“好,我不生气了。”
阮窈声音很轻,几乎听不出任何情绪。
周祈辞以为她想通,眉头松了松,“乖。”
像哄狗似的。
阮窈轻扯了下唇角。
周祈辞又说:“我把医院定位把你,收拾好了就过来吧。”
阮窈拒道:“不了。”
电话那段,周祈辞眉头一蹙。
阮窈先他一步开口,“我还有事,等忙完后,联系你们。”
说完,她直接挂断了电话。
她只说她不生气,却没说还要继续上赶着伺候他们两个。
阮窈还没那么自贱。
周祈辞的电话又打了过来,阮窈直接把他拉黑。
她轻吐了口气,觉得痛快了几分。
然后起身去洗了把脸,看着镜子中尽显憔悴的脸,她用护肤品拍了拍。
等会,她要到一个很重要的地方。
阮窈不想这么狼狈地去。
她化了一个很浅的妆,打车去时,司机大哥很热情地谈话。
“美女,你这个方向和大庙会完全相反,是不是走错了啊?”
大庙会是济岛山限定节日,也有人称鬼节,他们刚好赶上这段时间。
阮窈摇了摇头,说:“没错。”
“这可不多见哟,你们外地游客一般都是冲着这个节日来的。”司机意外看了她一眼,又道,
“而且像你这种一个人来的人,就更少了,怎么不和男朋友一起来?”
阮窈抿唇:“我没男朋友。”
司机大哥从后视镜瞟到她手上的戒指,笑了笑。
“我就说你这种大美女怎么会没人追,原来已经结婚了,是不是和老公吵架,自己赌气出来玩了?”
阮窈神色更淡了:“他死了。”
“抱歉抱歉……”司机大哥一愣,连忙道歉,
然后又小声的安抚自己,“出不当,百无禁忌……”
阮窈只装作没听到。
她偏头看向窗外。
有的人活着,还不如死了。
阮窈宁愿周祈辞死在和她结婚的第五个月,那样,她起码还能自欺欺人,他是爱她的。
车子停在一片墓地前,司机更加慌了,连尾气都看不见,很快溜走。
阮窈拿着一朵菊花,凭借印象,走到一座墓碑前。
这是一个无名墓碑。
四周都有放着各种鲜花,唯独这里,就连上面的灰都积攒了厚厚一层。
她仔细打扫一遍,放上花后,给小姑发去了照片。
阮窈坐在墓碑旁,轻声道:“姑姑,你还是不愿意告诉我它是谁吗?”
第一次知道这个地方的存在,是小姑病情最危险的时候,手里还紧紧捏着一张照片。
推进手术室前,她抓着阮窈的手:“窈儿,如果我挺不过去,你一定要去这个地方,给她扫一次墓。”

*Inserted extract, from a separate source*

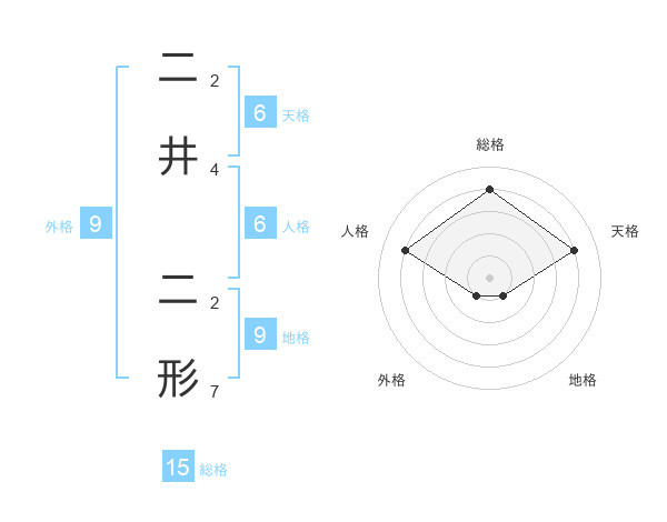 二井 二形さんの総格は15画の4点!

阮窈当时太害怕失去她,什么都来不及多想,只能流着泪匆匆点头。
后来,小姑病情转好,阮窈再问的时候,她却怎么都不肯多说。
这些年,她过得艰辛,一直没有来这里。
今天,也算是圆了小姑一个愿。
阮窈用手指划过那粗糙冰凉的墓碑,她的心莫名痛了一下,说不清道不明。
阮窈脸颊突然落下冰凉的液体。
她愣了下,用手去摸。
是雨水。
暴雨来的很快,没有给阮窈太多准备时间。
她走出墓园时,已经全身湿透。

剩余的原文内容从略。